Segment Open

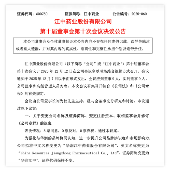 12月13日,江中药业股份有限公司发布公告称,第十届董事会第十次会议通过了变更公司名称及证券简称的议案,公司中文名称变更为“华润江中药业股份有限公司”。
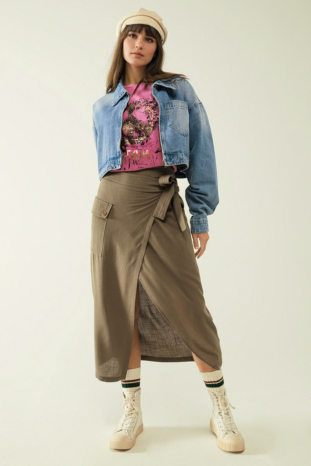 T-shirt a maniche corte con grafica Peace Sign sul davanti in fucsia
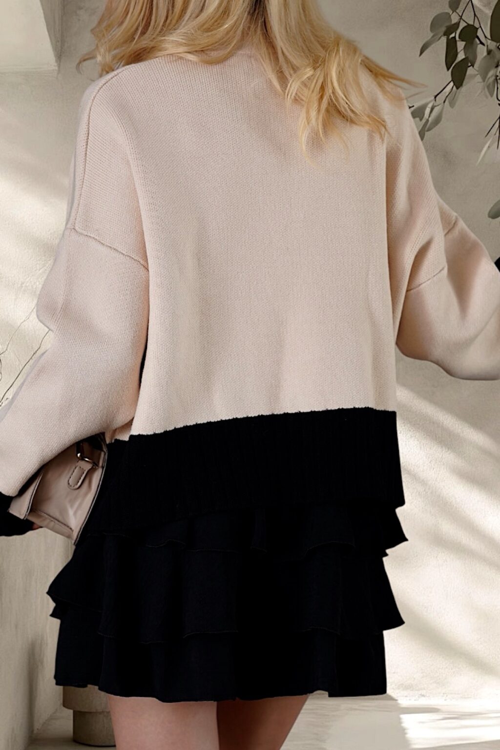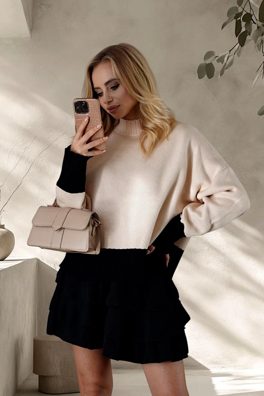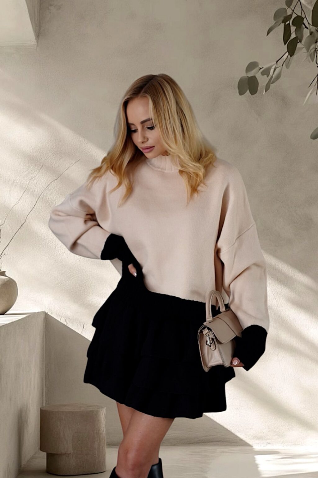 Solenne – to sweter, który łączy wygodę z nowoczesnym stylem. Wykonany z mieszanki wiskozy i nylonu, jest miękki, ciepły i przyjemny w dotyku. Luźniejszy krój oversize pozwala czuć się swobodnie, a kontrastowe czarne wykończenia nadają mu charakteru. To doskonały wybór na chłodniejsze dni – pasuje do jeansów, spódnic czy skórzanych legginsów. Idealny do pracy, na uczelnię czy weekendowe wyjazdy. Do wyboru w dwóch kolorach: beżowym z czarnym dołem oraz czarnym – z beżowym akcentem.
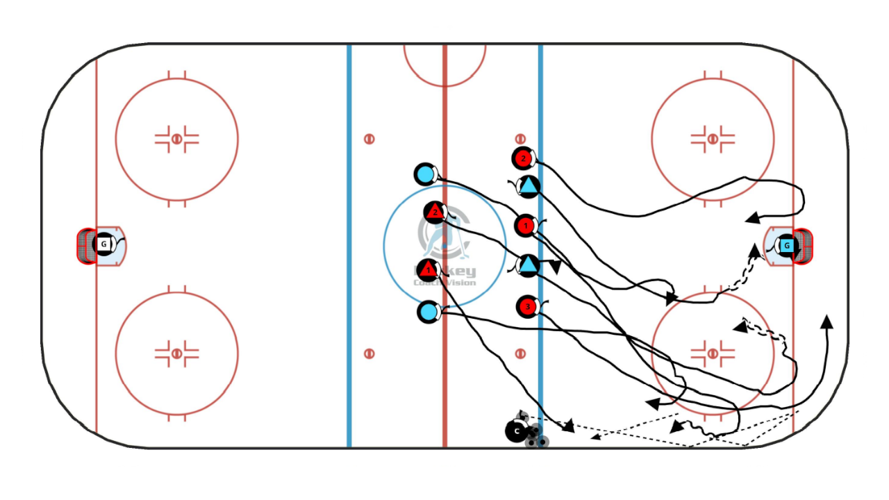 The drill starts with a chip by the Coach to create a 3v2 battle for the puck as PK forwards and PP D men enter the zone to create 5vs4.
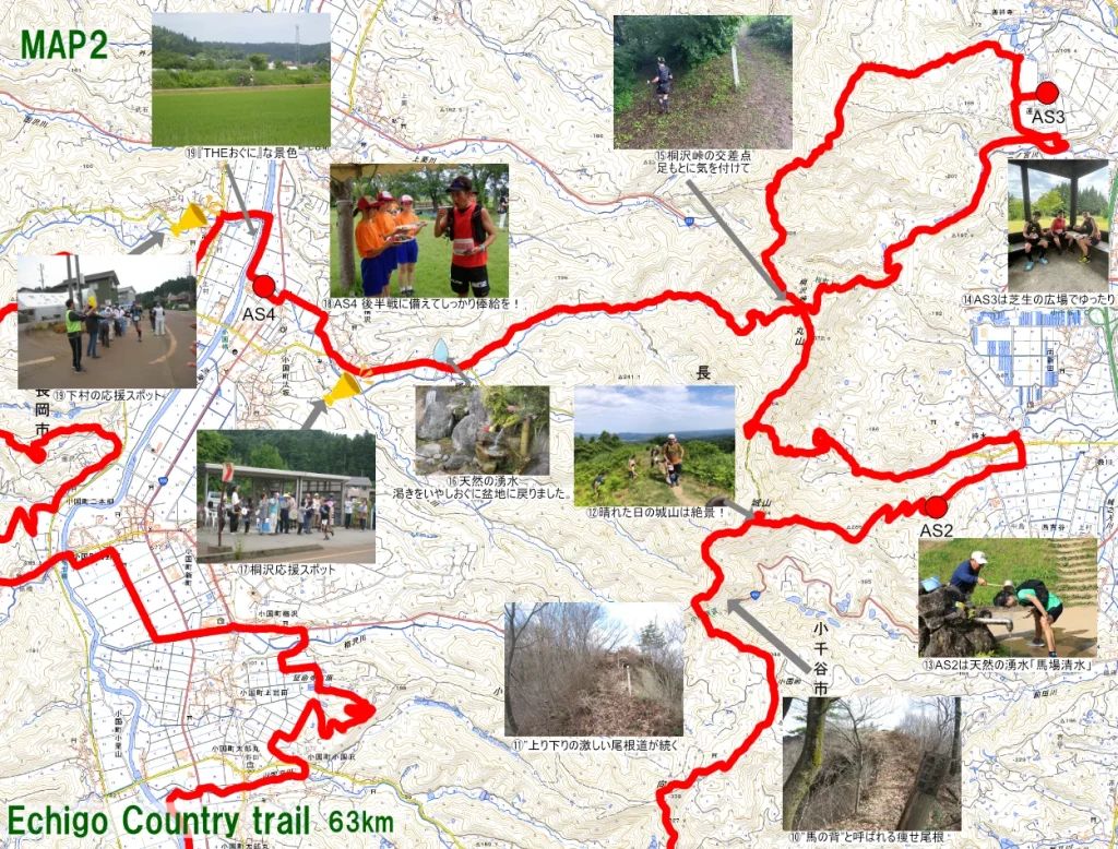 そして、この先、尾根筋を走る → AS2(小千谷市)へ下る → 再び尾根へ戻る → AS3(小千谷市)へ下る → そしてまた尾根に戻りおぐに町へ下る、という地味に脚にこたえる区間が続きます。
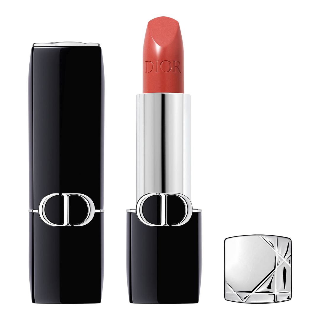 - Rouge Dior lipstick is now available in captivating, universally flattering shades in satin and velvet finishes for flawless, long-lasting wear. Wear Dior with its new sleek and magnetic, couture, refillable case, outfitted with the Christian Dior belt and silver cannage.
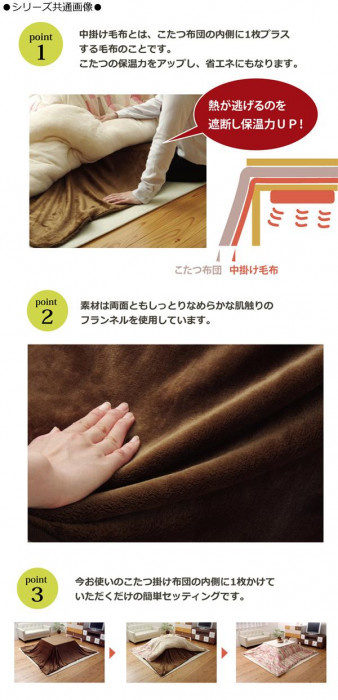 | 両面にソフトな肌感触のフランネル生地を使用しています。掛け布団と中掛け毛布の二重構造で使用して頂ければ熱が逃げにくく、保温性アップ! |

Segment Closed

## Your goal
Repeat, word for word and with no pictures, only the lines running from the beginning of the data to the line that contains "T-shirt a maniche".

## Your response
 12月13日,江中药业股份有限公司发布公告称,第十届董事会第十次会议通过了变更公司名称及证券简称的议案,公司中文名称变更为“华润江中药业股份有限公司”。
 T-shirt a maniche corte con grafica Peace Sign sul davanti in fucsia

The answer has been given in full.